I’d just written about the good people who run the rescue program, and Andy and I went to the park-and-ride lot in Biddeford to watch the offloading.

It was love at first sight. Fairbanks came down the ramp and sidled up next to Andy, who melted on the spot.

The next thing I knew, I was writing a check for the adoption fee. And just like that, all of our lives took a turn for the better.

If you’ve never had a dog, you may not get how a non-human can become part of a family. If you have, then perhaps you’ll understand.

Fairbanks was more than just a friendly dog. He was, to us and to so many who crossed his path over his long life, an actual friend.

Some might remember when I last wrote about him just over four years ago.

Back when he was a local celebrity.

Andy managed an upscale clothing boutique on Middle Street at the time and, rather than leave Bankster alone at home all day, she began bringing him to work.

Sitting there in the display window, at eye level with whoever passed by, he proudly served for more than a year as the Old Port’s therapy dog. To this day, people tell us how their daily “Fairbanks fix” made their workaday lives a little less wearisome, their burdens a little bit lighter.

“So handsome,” wrote one of many admirers on his “Friends of Fairbanks” Facebook page. “You light up my workday. Thanks, Fairbanks.”

Andy eventually changed jobs and, alas, Fairbanks lost his window on the world. His fans were crushed.

Still, life went on. We adopted another rescue dog, Sofie, to keep Bankster company during the day. And we tried mightily not to notice time’s inevitable advance.

His end-of-the-day welcomes slowed from four loops around the driveway to three, then two, then one … until finally he stayed put on the porch and gamely waved with his tail.

He slept more and, when he did play, moved more gingerly. His 4-mile walks shrank steadily until anything over a half-mile was likely to leave him lame for a day or two.

His facial hair turned gray.

But his spirit, dare I say his love, never wavered.

Last year, as I spent most of my time sick in bed, Fairbanks sensed something was wrong. Tail wagging, he’d stare into my eyes for what seemed like hours, as if to say, “We’ve got this. Things will get better.”

And they did. At least for me.

They say golden retrievers have an average lifespan of 11 or 12 years. Yet even as Fairbanks limped past 14, Andrea and I had trouble accepting that this gift, this once-scrawny little guy with the outsized grin, could ever stop warming the world around him.

But as we Googled “dog end of life” and scanned all the checklists on “when to know it’s time,” the evidence slowly mounted: Night wandering?
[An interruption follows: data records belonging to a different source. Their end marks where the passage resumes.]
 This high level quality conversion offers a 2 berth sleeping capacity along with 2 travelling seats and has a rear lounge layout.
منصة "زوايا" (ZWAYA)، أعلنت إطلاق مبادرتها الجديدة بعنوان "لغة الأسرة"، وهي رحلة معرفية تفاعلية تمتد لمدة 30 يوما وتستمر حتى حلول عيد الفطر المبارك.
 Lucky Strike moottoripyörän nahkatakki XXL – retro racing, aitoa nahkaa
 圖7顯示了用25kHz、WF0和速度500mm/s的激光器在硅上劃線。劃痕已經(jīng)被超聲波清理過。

Check. Loss of vision and hearing? Check. Inability to climb stairs? Check. Increasing incontinence? Check. Weight loss? Check …
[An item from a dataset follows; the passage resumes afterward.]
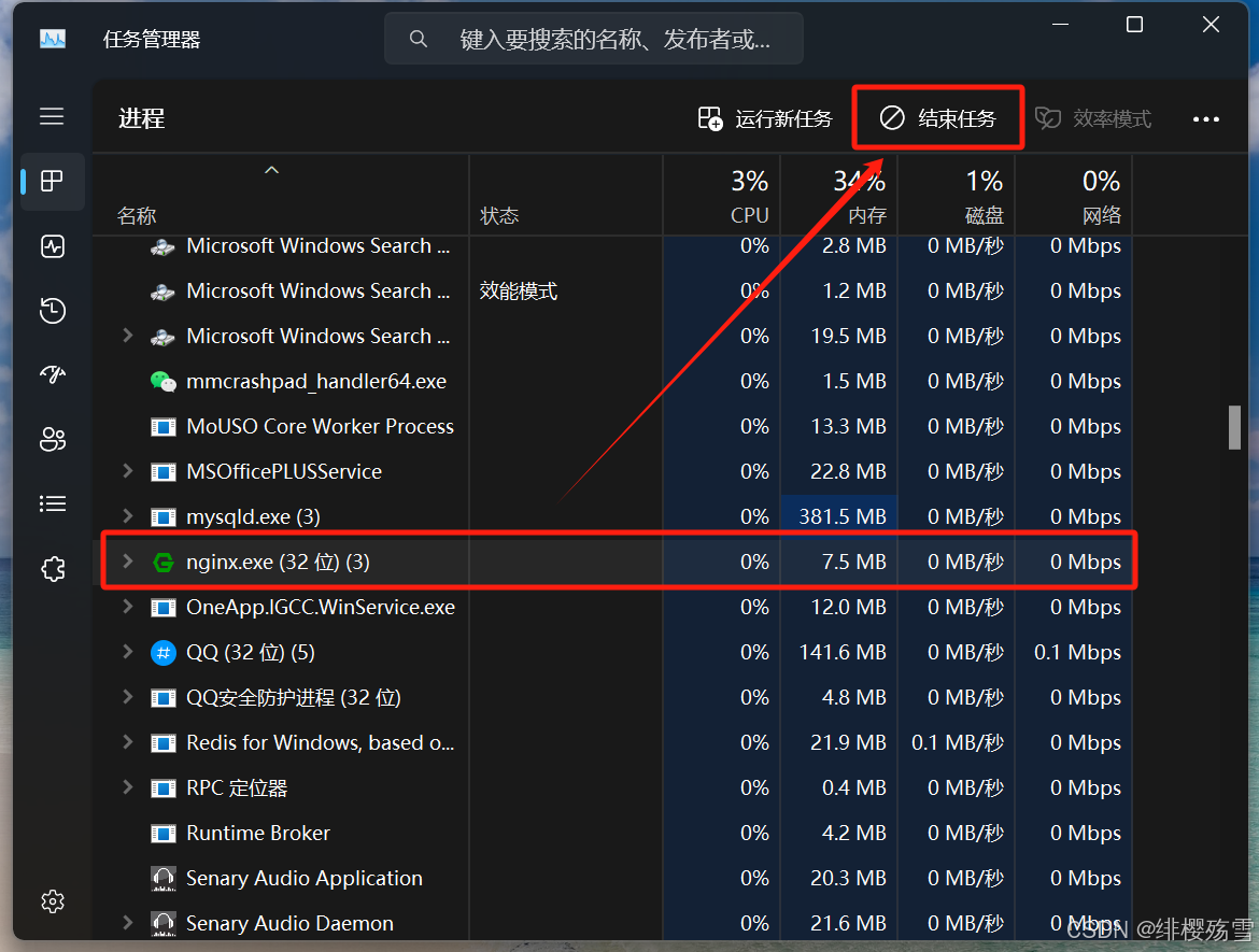 3. 如果需要修改配置文件,则需要重新启动 Nginx,首先 Ctrl + Shift + Esc,打开任务管理器,找个 Nginx 服务,结束任务,然后切换到 Nginx 安装目录下,双击 Nginx.exe 启动 Nginx

Then it was Monday. From the moment we awoke, the 3:15 p.m. veterinarian appointment hung heavy over the day until finally, as the clock hit 3, I took a deep breath, hooked the leash onto Fairbanks’ collar and said, my own throat tightening, “C’mon, Banks. Time to go.”

Our veterinarian could not have been kinder. She examined Fairbanks, asked us about this and that, and gently assured us that, yes, we were making the right decision.
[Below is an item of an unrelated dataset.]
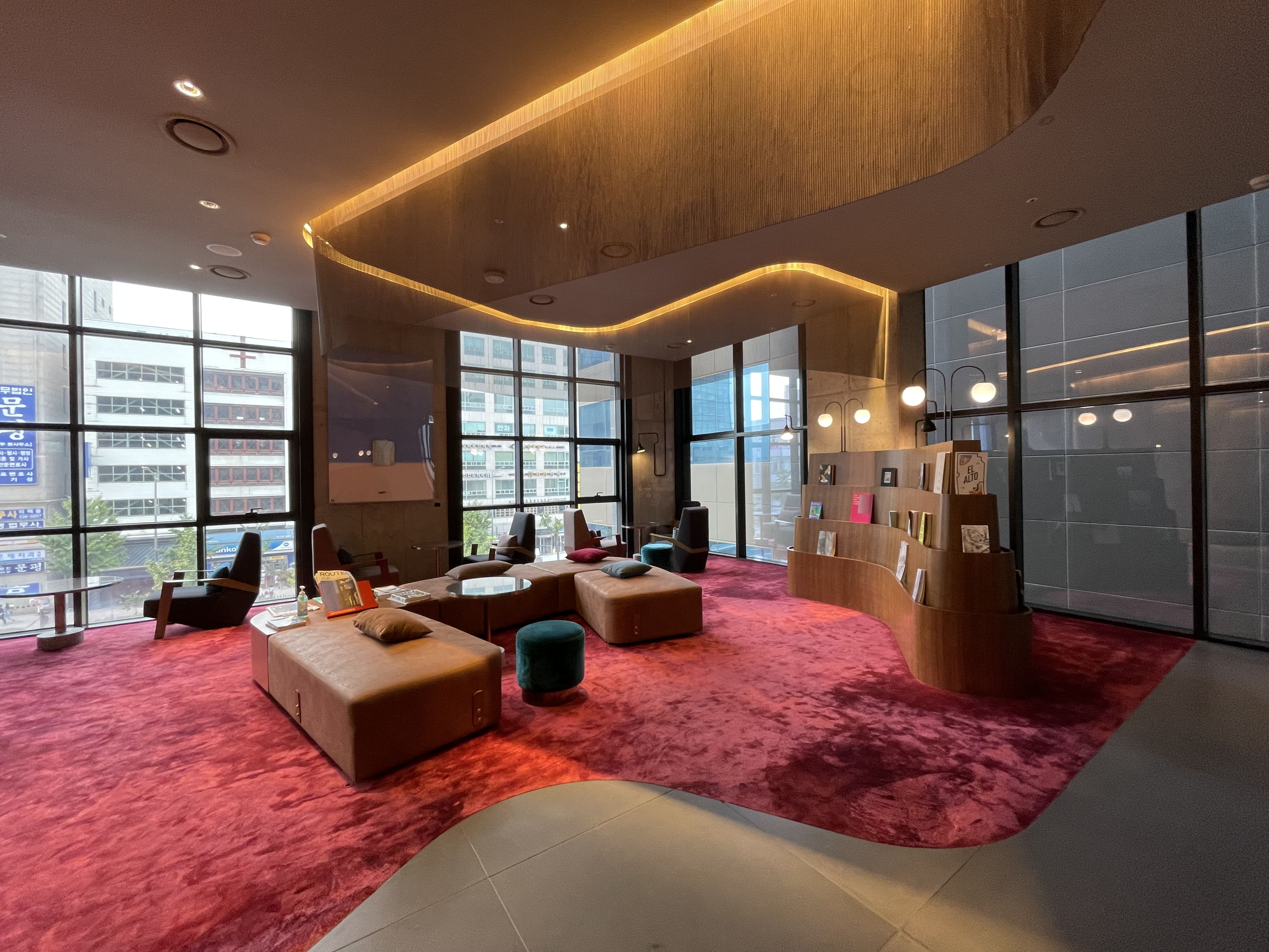 인테리어로 유명한 호텔답게 로비 역시 감각적인 인테리어를 느낄 수 있었는데요, 미드 센추리 무드를 베이스로 편안하게 쉴 수 있는 휴게 공간이 잘 마련되어 있었습니다.

Upon hearing the words, I suddenly felt panicky. I wanted to scoop him up, run out to the car and make a beeline for home, where everything would be perfect again and Bankster would run to his heart’s content.

Instead, I held his front paw and watched as the vet administered the sedative and left us all alone for a few minutes.

Our tears flowing freely, Andy and I hugged and petted the dog of our dreams. Then he kissed us each on the chin one last time, lay down and, ever so slowly, drifted off to sleep.

Only then did I realize I still had my slippers on.

Only as I got in the car and closed the door did I fully grasp how attached we’d become to that furry bundle of pure, unadulterated friendship.

Only now, as Sofie and I sit here amid the silence, do I appreciate how much a dog can fill an old house – and beyond – with his simple presence.

Time surely will heal all of that.

Still, as I look over at the corner of the living room and spot a Fairbanks fur ball hiding in the shadow, I’d give anything for one more sunny afternoon, one more welcome home, one more wag of that brilliant tail.

Goodbye, Bankster. May you run in peace.